§ 7-16-5.1. Conversion of certain entities to a limited-liability company.
(a) As used in this section, the term "other entity" means a corporation, a business trust, or association, a real estate investment trust, a common-law trust, a sole proprietorship or any other unincorporated business, or entity including a partnership, whether general or limited, (including a registered limited-liability partnership) or a foreign limited-liability company.
(b) Any other entity may convert to a domestic limited-liability company by complying with subsection (h) of this section and filing in the office of the secretary of state in accordance with § 7-16-8 articles of organization that comply with § 7-16-6 and have been executed by one or more authorized persons in accordance with § 7-16-7, accompanied by a certificate of conversion to a limited-liability company duly executed by one or more persons authorized to act on behalf of the other entity and one or more persons authorized to sign a certificate of conversion on behalf of the limited-liability company.

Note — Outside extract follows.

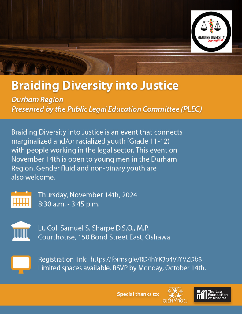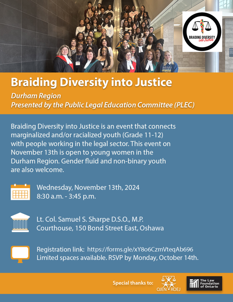 In the Durham region, OJEN’s Durham Committee presents this program, which showcases a variety of legal professionals, emphasizing the different careers in justice and the non-linear pathways to reach them.

(c) The certificate of conversion to limited-liability company shall state:
(1) The date on which and jurisdiction where the other entity was first created, formed, or otherwise came into being and, if it has changed, its jurisdiction immediately prior to its conversion to a domestic limited-liability company;
(2) The name of the other entity immediately prior to the filing of the certificate of conversion to limited-liability company;
(3) The name of the limited-liability company as set forth in its articles of organization filed in accordance with subsection (b) of this section; and
(4) The future effective date or time (which is a date or time certain) of the conversion to a limited-liability company if it is not to be effective upon the filing of the certificate of conversion to limited-liability company and the articles of organization.
(d) Upon the filing in the office of the secretary of state of the certificate of conversion to limited-liability company and the articles of organization or upon the future effective date or time of the certificate of conversion to a limited-liability company and the articles of organization, the other entity shall be converted into a domestic limited-liability company and the limited-liability company shall thereafter be subject to all of the provisions of this chapter, except that, notwithstanding § 7-16-5, the existence of the limited-liability company shall be deemed to have commenced on the date the other entity commenced its existence in the jurisdiction in which the other entity was first created, formed, or otherwise came into being.
(e) The conversion of any other entity into a domestic limited-liability company shall not be deemed to affect any obligations or liabilities of the other entity incurred prior to its conversion to a domestic limited-liability company or the personal liability of any person incurred prior to the conversion.
(f) When any conversion shall have become effective under this section, for all purposes of the laws of the state of Rhode Island, all of the rights, privileges, and powers of the other entity that has converted, and all property, real, personal, and mixed, and all debts due to such other entity, as well as all other things and causes of action belonging to the other entity, shall be vested in the domestic limited-liability company and shall thereafter be the property of the domestic limited-liability company as they were of the other entity that has converted, and the title to any real property vested by deed or otherwise in the other entity shall not revert or be in any way impaired by reason of this chapter, but all rights of creditors and all liens upon any property of such other entity shall be preserved unimpaired, and all debts, liabilities, and duties of the other entity that has converted shall thenceforth attach to the domestic limited-liability company and may be enforced against it to the same extent as if those debts, liabilities, and duties had been incurred or contracted by it.
(g) Unless otherwise agreed, or as required under applicable non-Rhode Island law, the converting other entity shall not be required to wind up its affairs or pay its liabilities and distribute its assets, and the conversion shall not be deemed to constitute a dissolution of the other entity and shall constitute a continuation of the existence of the converting other entity in the form of a domestic limited-liability company.
(h) Prior to filing a certificate of conversion to limited-liability company with the office of the secretary of state, the conversion shall be approved in the manner provided for by the document, instrument, agreement, or other writing, as the case may be, governing the internal affairs of the other entity and the conduct of its business or by applicable law, as appropriate, and a limited-liability company agreement shall be approved by the same authorization required to approve the conversion.
(i) In connection with a conversion hereunder, rights or securities of or interests in the other entity that is to be converted to a domestic limited-liability company may be exchanged for or converted into cash, property, or rights or securities of or interests in such domestic limited-liability company or, in addition to or in lieu thereof, may be exchanged for or converted into cash, property, or rights or securities of or interests in another domestic limited-liability company or other entity or may be cancelled.
(j) The provisions of this section shall not be construed to limit the accomplishment of a change in the law governing, or the domicile of, an other entity to the state of Rhode Island by any other means provided for in a limited-liability company agreement or other agreement or as otherwise permitted by law, including by the amendment of a limited-liability company agreement or other agreement.
(P.L. 1999, ch. 233, § 1; P.L. 2006, ch. 163, § 2; P.L. 2006, ch. 188, § 2; P.L. 2007, ch. 94, § 4; P.L. 2007, ch. 112, § 4; P.L. 2018, ch. 346, § 15.)